Sara invece era in ansia, sentiva una strana sensazione e quel posto non le piaceva più. Iniziò a guardarsi intorno e vide, in cima al muro di sinistra, una feritoia larga più o meno cinquanta centimetri, dalla quale poteva vedere il cielo. Grossi nuvoloni di colore grigio opaco si erano accumulati e stavano entrando dalla finestra. Sembrava nebbia, benchè nel mese di agosto fosse raro, se non impossibile, vedere.

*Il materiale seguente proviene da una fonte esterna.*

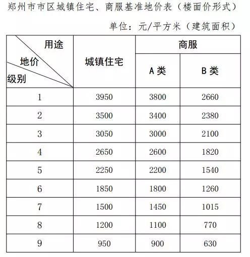 郑州市土地级别与基准地价出炉!住宅用地3950元/㎡
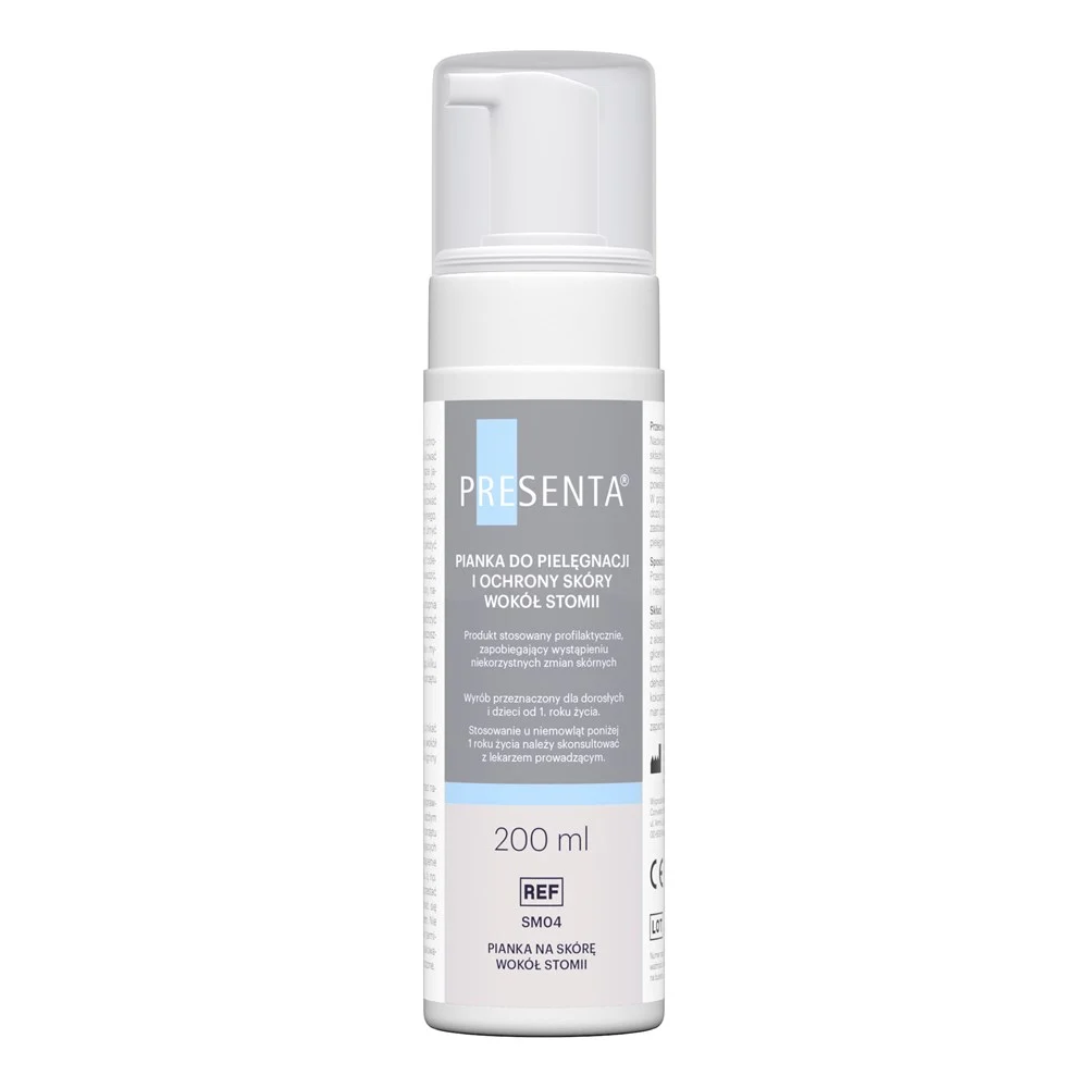 PRESENTA® pianka do pielęgnacji i ochrony skóry wokół stomii to delikatny preparat przeznaczony do codziennej higieny i zabezpieczenia wrażliwej skóry. Dzięki zawartości wyciągu z aloesu łagodzi podrażnienia i przynosi ulgę, jednocześnie pomagając utrzymać odpowiedni poziom nawilżenia. Produkt tworzy na skórze warstwę ochronną, która zabezpiecza ją przed działaniem czynników zewnętrznych. Zawarte w piance składniki myjące skutecznie, a zarazem łagodnie oczyszczają skórę wokół stomii, nie naruszając jej naturalnej bariery. Może być stosowana zamiast wody i mydła, bez konieczności spłukiwania, co czyni ją wygodnym rozwiązaniem w codziennej pielęgnacji.

La nebbia aveva coperto il castello, ma all’insaputa di tutti, il paese sottostante godeva ancora del cielo stellato.
Terrorizzata, si avvicinò a Mario e, con il suo piccolo dito indice tremolante gli indicò la finestrella.
“G...g...guarda fuori, ho tanta paura” bisbigliò a fatica Sara.
Mario guardò la nebbia, che si faceva sempre più densa come se qualcuno la stesse gonfiando, e si voltò di scatto verso Eleonora.
“Scusa...ma è normale che...”
La frase gli si troncò in bocca. Osservò Eleonora e, se un attimo prima avrebbe potuto innamorarsi di lei, ora desiderava solamente uscire da quella stanza ed allontanarsi da quella donna.
La giovane guida continuava a dimenare le mani nell’aria, le muoveva come se stesse invocando qualcosa o qualcuno e alzava e abbassava il viso lentamente. Le pupille si erano ingrossate e teneva gli occhi sempre spalancati, come se fosse una bambola di cera. Parlava di maghi e streghe, sacrifici umani, demoni che si nutrono di sangue e corpi lasciati a marcire, dopo averli scuoiati vivi. Farfugliava parole incomprensibili, accenni di istituzioni che non capivano il potere del castello, di ospedali psichiatrici, di una vendetta imminente e di favori particolari in cambio della libertà.
Sara, sempre più spaventata, strinse forte la mano a Mario e lui l’abbracciò sussurrandole : “Non ti preoccupare amore, andrà tutto bene vedrai, andrà tutto bene...”
Mario cercava con tutte le sue forze di fare coraggio a Sara, anche se aveva la sensazione di avere poche possibilità di andarsene da quel luogo oscuro. Ma non avrebbe mai immaginato ciò che stava per accadere.
Anche i giapponesi, solitamente abituati a qualsiasi situazione, smisero di fotografare e rimasero attoniti, ad osservare con terrore.
La nebbia iniziò ad entrare velocemente nella sala delle torture, come se fosse sospinta dal vento ed avvolse con la sua coltre tutta la grotta.
“Amore cosa sta succedendo ?” urlò Sara, che sentiva stretto a sé il corpo di Mario ma non riusciva più a scorgere il suo viso.
“Sono qui, con te, qualsiasi cosa accada” rispose con rassegnazione Mario. E chiuse gli occhi.
La sala delle torture era completamente immersa nella nebbia, si poteva solo scorgere a fatica la carrucola cigolante che pendeva solitaria dal soffitto.
Lo spettacolo nella piazza volgeva al termine e gli applausi, le grida gioiose dei bambini e il rumore delle fiamme scagliate dalle bocche degli artisti, coprivano gli urli agghiaccianti e agonizzanti che provenivano dai seminterrati del castello.
Allo scoccare della mezzanotte, la porticina in legno, che conduceva alla scala per raggiungere la sala delle torture, si chiuse, con un tonfo sordo, sprigionando polvere. La serratura venne chiusa con cura e una mano affusolata e abbronzata si mise in tasca l’enorme chiave in ferro battuto.
Un viso giovane, fresco e pulito, con un sorriso maligno, usciva soddisfatto dal castello.